Sometimes my best ideas come out of pure desperation. Last week, I went out to a fabulous dinner at Orinoco in Brookline Village. The restaurant serves delectable Venezuelan dishes that range from simple arepas and empanadas to slow-braised beef loin and an amazing heart of palms salad. I ordered the Pollo Adobo, a chicken slow-roasted in spices and oregano oil served with gnocchi-like dumplings in a truffle cream sauce. Absolutely incredible. In an uncharacteristic bout of foresight, I decided to wrap half my dinner up to take home.

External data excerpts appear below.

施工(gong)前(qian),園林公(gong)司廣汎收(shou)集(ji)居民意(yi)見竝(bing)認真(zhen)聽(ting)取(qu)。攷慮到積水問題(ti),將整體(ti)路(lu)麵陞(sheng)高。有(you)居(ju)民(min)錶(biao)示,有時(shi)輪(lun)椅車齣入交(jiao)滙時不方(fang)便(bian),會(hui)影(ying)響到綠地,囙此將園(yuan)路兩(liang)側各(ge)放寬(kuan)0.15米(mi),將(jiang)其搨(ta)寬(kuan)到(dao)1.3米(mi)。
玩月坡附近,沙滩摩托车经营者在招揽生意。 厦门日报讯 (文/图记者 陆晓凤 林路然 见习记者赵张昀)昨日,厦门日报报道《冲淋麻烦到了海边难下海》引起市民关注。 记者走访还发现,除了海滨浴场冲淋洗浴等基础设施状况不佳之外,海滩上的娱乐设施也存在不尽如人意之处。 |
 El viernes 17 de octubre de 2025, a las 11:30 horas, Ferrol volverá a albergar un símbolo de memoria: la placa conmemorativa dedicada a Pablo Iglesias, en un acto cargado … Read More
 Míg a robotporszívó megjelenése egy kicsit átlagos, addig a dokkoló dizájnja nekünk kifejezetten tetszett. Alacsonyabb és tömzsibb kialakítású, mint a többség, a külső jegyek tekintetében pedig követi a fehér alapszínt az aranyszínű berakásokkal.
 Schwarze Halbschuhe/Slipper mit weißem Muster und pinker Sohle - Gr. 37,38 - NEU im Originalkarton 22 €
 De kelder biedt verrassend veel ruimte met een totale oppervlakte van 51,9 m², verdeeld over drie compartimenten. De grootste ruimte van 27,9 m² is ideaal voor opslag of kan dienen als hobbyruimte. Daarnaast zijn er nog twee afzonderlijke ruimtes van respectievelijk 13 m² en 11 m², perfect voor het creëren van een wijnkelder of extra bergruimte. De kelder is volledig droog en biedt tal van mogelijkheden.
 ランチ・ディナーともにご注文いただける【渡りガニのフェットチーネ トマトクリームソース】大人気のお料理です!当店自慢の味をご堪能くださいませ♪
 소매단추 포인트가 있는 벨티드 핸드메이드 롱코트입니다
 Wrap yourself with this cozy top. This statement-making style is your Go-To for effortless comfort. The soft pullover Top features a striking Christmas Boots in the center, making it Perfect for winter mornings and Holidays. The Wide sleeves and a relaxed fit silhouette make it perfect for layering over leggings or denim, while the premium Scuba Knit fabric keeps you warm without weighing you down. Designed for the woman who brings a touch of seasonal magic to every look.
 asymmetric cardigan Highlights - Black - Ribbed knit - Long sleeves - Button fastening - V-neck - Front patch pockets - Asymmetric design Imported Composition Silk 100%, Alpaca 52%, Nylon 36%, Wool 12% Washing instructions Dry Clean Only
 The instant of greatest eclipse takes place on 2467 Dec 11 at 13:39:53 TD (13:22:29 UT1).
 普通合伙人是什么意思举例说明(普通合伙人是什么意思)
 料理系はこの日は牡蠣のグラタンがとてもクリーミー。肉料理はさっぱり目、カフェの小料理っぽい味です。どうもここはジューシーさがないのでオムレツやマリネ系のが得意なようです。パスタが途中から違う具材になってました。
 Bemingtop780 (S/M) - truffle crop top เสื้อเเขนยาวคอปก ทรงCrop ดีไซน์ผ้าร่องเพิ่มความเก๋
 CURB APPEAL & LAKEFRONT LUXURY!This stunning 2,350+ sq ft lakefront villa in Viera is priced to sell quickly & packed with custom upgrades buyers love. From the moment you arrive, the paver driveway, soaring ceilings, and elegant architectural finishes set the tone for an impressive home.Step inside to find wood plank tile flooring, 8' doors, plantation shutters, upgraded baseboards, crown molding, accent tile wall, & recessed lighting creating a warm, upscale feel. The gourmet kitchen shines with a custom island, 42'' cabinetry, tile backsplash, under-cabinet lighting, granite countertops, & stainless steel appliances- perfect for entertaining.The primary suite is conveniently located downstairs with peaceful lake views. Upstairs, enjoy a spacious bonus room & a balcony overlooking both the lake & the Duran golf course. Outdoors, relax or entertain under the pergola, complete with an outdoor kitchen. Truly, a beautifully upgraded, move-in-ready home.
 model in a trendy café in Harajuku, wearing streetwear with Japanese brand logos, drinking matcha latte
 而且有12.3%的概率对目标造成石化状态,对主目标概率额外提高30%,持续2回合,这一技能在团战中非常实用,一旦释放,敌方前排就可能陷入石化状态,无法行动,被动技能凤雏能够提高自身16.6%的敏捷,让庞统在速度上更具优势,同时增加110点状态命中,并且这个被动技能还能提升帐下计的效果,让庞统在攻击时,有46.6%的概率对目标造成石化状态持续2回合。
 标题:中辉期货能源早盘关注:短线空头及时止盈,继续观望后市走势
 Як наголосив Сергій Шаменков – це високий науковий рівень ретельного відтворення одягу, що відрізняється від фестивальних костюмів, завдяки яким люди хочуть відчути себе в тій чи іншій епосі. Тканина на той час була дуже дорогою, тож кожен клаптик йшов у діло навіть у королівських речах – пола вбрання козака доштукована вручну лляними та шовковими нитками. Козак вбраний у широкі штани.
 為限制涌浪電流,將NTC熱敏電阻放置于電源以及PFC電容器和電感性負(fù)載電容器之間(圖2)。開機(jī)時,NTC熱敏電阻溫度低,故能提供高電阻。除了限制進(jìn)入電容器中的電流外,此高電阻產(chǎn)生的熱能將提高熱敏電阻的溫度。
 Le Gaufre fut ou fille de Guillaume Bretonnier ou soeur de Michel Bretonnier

Lo and behold, Friday night I arrived home late from work, exhausted. Completely lacking the energy to grocery shop, I found the to-go container full of chicken. After a brief victory dance, I then plowed around in the fridge trying to figure out what to pair with it. And this is what I came up with:
Chicken, Peach, and Romaine Salad in an Ahi Pepper Vinaigrette:
For the salad…
One roasted chicken breast (make your own Oregano Chicken)
One medium peach
2 cups romaine lettuce
1/2 bell pepper (I used 1/4 red and 1/4 orange)
1/2 cup grape tomatoes
1/2 cup white mushrooms
1/4 vidalia onion
Olive oil
Salt and pepper to taste
For the vinaigrette…
2 tbsp extra virgin olive oil
3 tbsp red wine vinegar
1/2 tsp ahi pepper puree
1/4 tsp dijon mustard
Salt and pepper to taste
Shred the chicken and mix up the vinaigrette. In a frying pan, add a little bit of olive oil and saute chopped onion and mushrooms. Place on salad when caramelized. Chop remaining veggies and peach, put the salad together and serve. Add crumbled feta on top, if you so choose. Serve with bread and cheese (like I did!) if you ultimately decide to leave out the feta.